119 F. 468

THE O. L. HALLENBECK. OLSEN v. CAHILL.

(District Court, E. D. New York.

November 26, 1902.)

1. Towage—Negligence of Tug—Liability for Loss of Tow.

While a tug was engaged in towing two scows from New York to the dumping grounds and return in the evening, one of the scows went adrift, and was lost with the man in charge. The tug did not discover the loss until four hours afterward, on the return trip. The sea was rough, requiring vigilance, and the night was clear. Also, after the scow went adrift, two other vessels in the vicinity blew alarm signals to call the tug’s attention to her, and the master noted that two lights were absent from the tow, but no further investigation was made. Held, that the tug was chargeable with gross negligence and inattention to her tow, which rendered her liable for the loss.

8. Admiralty—Torts Causing Death—Recovery of Damages.

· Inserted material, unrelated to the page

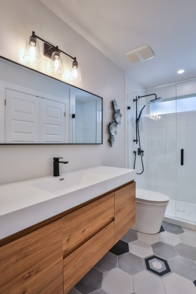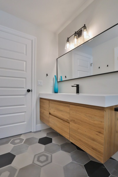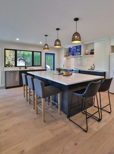 We always say our greatest compliment is a referral, what might be better is working with a repeat client! After selling their home and moving to a new property, we got the call and were excited to work with her again. Although the new home was in a great location, the kitchen was small, outdated and the layout not particularly functional. Adding a bump out solved all of these issues and created a larger custom kitchen,updated living space with fireplace, updated bathrooms, covered deck with additional space for storage and a in-home hair salon down below.

The next of kin of a seowman, lost through the negligence of a tug, were two sisters who supported themselves, but it was shown that the deceased had promised to take them back to Norway to live and to supply the money required. Held, that such evidence was sufficient to warrant the court in awarding damages for the death against the owner of the tug in the sum of $500.

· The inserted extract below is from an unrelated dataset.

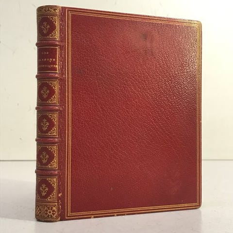 Rygbøger fra tiden udført i brun halvskind med hjørner, dobbelt streg langs kanterne og hjørnerne, ejernavn præget i guldbogstaver i øverste hjørne [E. Schwartz Vve Viton], forsider i percaline, ryg med 5 nerver pyntet med blomsterdekorerede felter, med titel og volumenummer. Guldede snit.

In Admiralty. Suit against a tug for the loss of a scow, and action against the owner to recover for the death of the seowman.

Albert A. Wray, for Morris & Cumings Dredging Co.

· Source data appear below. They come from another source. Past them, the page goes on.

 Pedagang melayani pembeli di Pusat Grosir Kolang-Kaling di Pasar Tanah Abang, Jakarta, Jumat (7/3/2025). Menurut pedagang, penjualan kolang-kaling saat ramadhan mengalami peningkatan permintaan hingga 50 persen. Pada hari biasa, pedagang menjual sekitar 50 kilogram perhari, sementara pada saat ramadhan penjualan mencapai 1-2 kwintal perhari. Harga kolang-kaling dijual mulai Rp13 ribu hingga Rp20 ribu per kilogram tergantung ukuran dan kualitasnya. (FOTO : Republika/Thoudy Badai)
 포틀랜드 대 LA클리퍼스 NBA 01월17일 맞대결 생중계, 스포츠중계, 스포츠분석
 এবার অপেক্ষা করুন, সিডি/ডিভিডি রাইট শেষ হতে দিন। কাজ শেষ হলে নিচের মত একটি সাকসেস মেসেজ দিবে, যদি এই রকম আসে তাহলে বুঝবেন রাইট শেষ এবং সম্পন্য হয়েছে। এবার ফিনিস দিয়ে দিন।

Fredk. W. Rowe, for Olsen and Albert A. Wray, advocate.

James J. Macklin, .proctor for claimant and respondent.

THOMAS, District Judge.

In February, 1901, the tug Hallenbeck undertook to tow two scows to and from the mud buoy off Sandy Hook Lightship, and on the way No. 38, the after scow, went adrift, at about 8 o’clock in the evening, and was lost with her seowman. None of the 10 men on the tug discovered the loss until, after rounding the dumping buoy, the tug reached Craven Shoals, at about 12 o’clock midnight, on'her return trip. Thus for four hours the Hallenbeck 'went on her way, at least one hour of the time outward bound, and for three hours inward bound, and did not know that half of the burden of her tow had been released.' Such failure to know the condition of her tow seems impossible in the employment *469of ordinary care. Why should she have known it? The observance of requisite oversight of her tow should have revealed it. The wind was blowing a gale, and this, with the tide, made rough water. This condition demanded vigilance. The night was clear. This promoted discovery. Moreover, two tugs in the neighborhood of the tow blew alarm signals to call attention to the scow adrift; those on the tug heard, and the captain and others on the tug claim to have looked back. A lantern was waved by some one on the tow; the mate in actual charge of the tug at the time saw it; he called the master, who looked with glasses, and discovered that two lights were absent on the tow, but he did nothing by way of investigation. The master and the mate heard the alarm whistles, the mate saw the waving light, the master saw that two lights were missing. Why was nothing done? The excuse of the captain is, variously, that he thought his tow was crowding the other tows; that the scows were asking for an opportunity to extend their sea line; but the variety of his explanations impairs the validity of his excuse.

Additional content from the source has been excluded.